Elfenbein and Weisenthal seem to be saying that unless and until GQ puts out a correction, they’ll believe that the magazine is standing by its story — which in turn would imply that Taleb really did say that he got those massive returns. As Don Fishback put it:

Here’s what the curmudgeon thinks: He said it, boastfully. Then it got printed and he realized he said something he shouldn’t have. To cover his a$$, he came up with some excuse to make it sound as if GQ got it wrong.

It’s plausible — but I don’t think it’s true. Taleb has now sent me a copy of an email he sent to Will Self on December 17, long before the article was printed (but after Self had given him the opportunity to read an advance copy). He specifically picks up on the sentence in question, and tells Self that there are “problems with the numbers”. He suggests that where the article quotes him as saying “when they went to the wall we made $20 billion for our clients, half a billion for the Black Swan fund”, that should be changed to “when they went to the wall we made almost half a billion for the Black Swan funds” — deleting the erroneous $20 billion figure altogether.

Taleb didn’t hear back from Self or GQ, so it’s unclear what happened next. Did the email just fall through the cracks? Did Self decide that he had quoted Taleb correctly the first time and would keep the $20 billion number in the article even if Taleb didn’t want it there? Did he misunderstand what Taleb was saying in the email, which wasn’t completely explicit that the $20 billion number was wrong?

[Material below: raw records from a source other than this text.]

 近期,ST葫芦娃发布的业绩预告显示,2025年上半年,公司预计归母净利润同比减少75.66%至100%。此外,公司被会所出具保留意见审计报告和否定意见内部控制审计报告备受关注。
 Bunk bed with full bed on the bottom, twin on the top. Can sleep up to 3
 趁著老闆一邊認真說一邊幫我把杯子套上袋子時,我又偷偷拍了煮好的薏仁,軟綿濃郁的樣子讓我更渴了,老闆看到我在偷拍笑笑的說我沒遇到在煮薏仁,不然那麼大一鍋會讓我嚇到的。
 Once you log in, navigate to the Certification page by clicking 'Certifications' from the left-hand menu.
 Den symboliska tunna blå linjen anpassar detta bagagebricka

In any case what does seem clear is that there was some miscommunication going on, which is understandable when a generalist writer like Self starts writing about the more abstruse areas of high finance. And when Americans refuse to be satisfied until they see a US-style correction from a much more lackadaisical UK magazine.

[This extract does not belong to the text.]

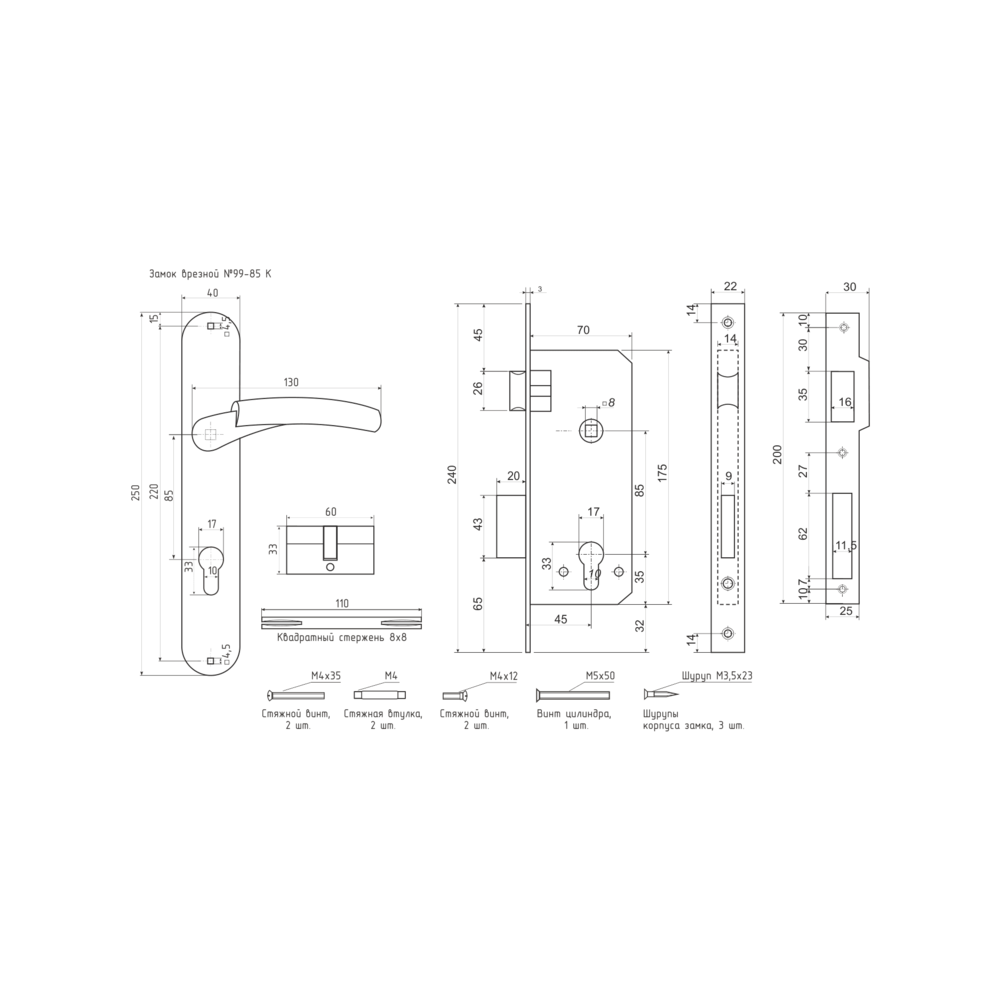 Замок врезной цилиндровый Нора-М 99-85 К комплект с ручками - Хром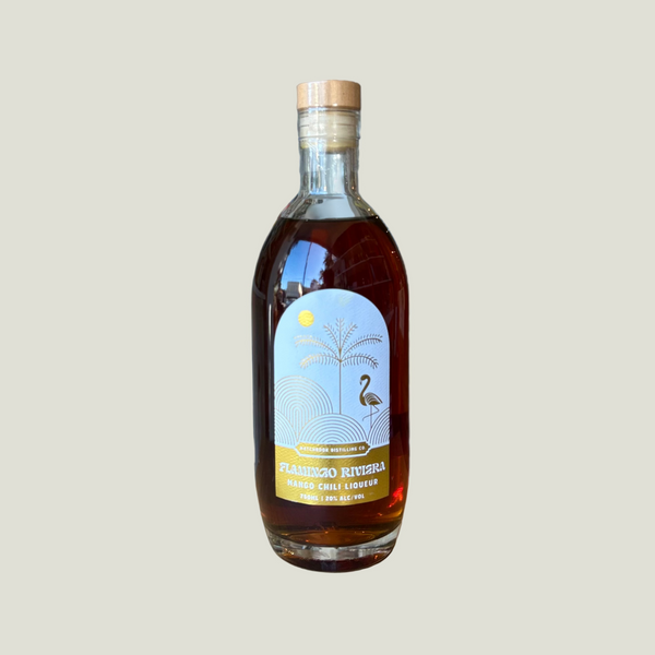 If you've spent any time in Mexico, you're familiar with Tajin - undeniably a cultural icon of Mexico. Tajín seasoning is often used to sprinkle over fresh fruits like mango, watermelon, and pineapple, as well as on vegetables, meats, snacks, and beverages. The spiciness of the chili peppers, the tanginess of the lime, and the saltiness come together to create a vibrant and zesty flavor profile that enhances the natural taste of the ingredients it's paired with. Flamingo Riviera uses arbol, ancho, guajillo and pasilla chilis to create a version of the Tajin spice blend -- adding the whole, dried chilis to the mango maceration. It sat for several months before straining and was proofed with a syrup made with those same chilis.

In any case, here are those emails in full:

From: nassim nicholas taleb
Date: December 17, 2008 7:40:55 AM EST
To: Will Self
Subject:Re: From Will Self
Hello there (from Los Angeles airport). Thanks a million. I cannot interfere with the content, only to correct some minor facts.There are some potential problems with the numbers like the 20 billion, half a billion, etc. that may lead to confusion.
Also I am trying to add my middle name whenever possible to avoid confusing the byline.
I will read again on plane and send clarifications about the numbers.
Ciao.
BTW it was great seeing you.


From:nassim nicholas taleb
Date: December 17, 2008 6:13:44 PM EST
To:Will Self
Re: From Will Self
Here is what I found.

1- “when they went to the wall we made $20 billion for our clients, half a billion for the Black Swan fund.
“when they went to the wall we made almost half a billion for the Black Swan funds.”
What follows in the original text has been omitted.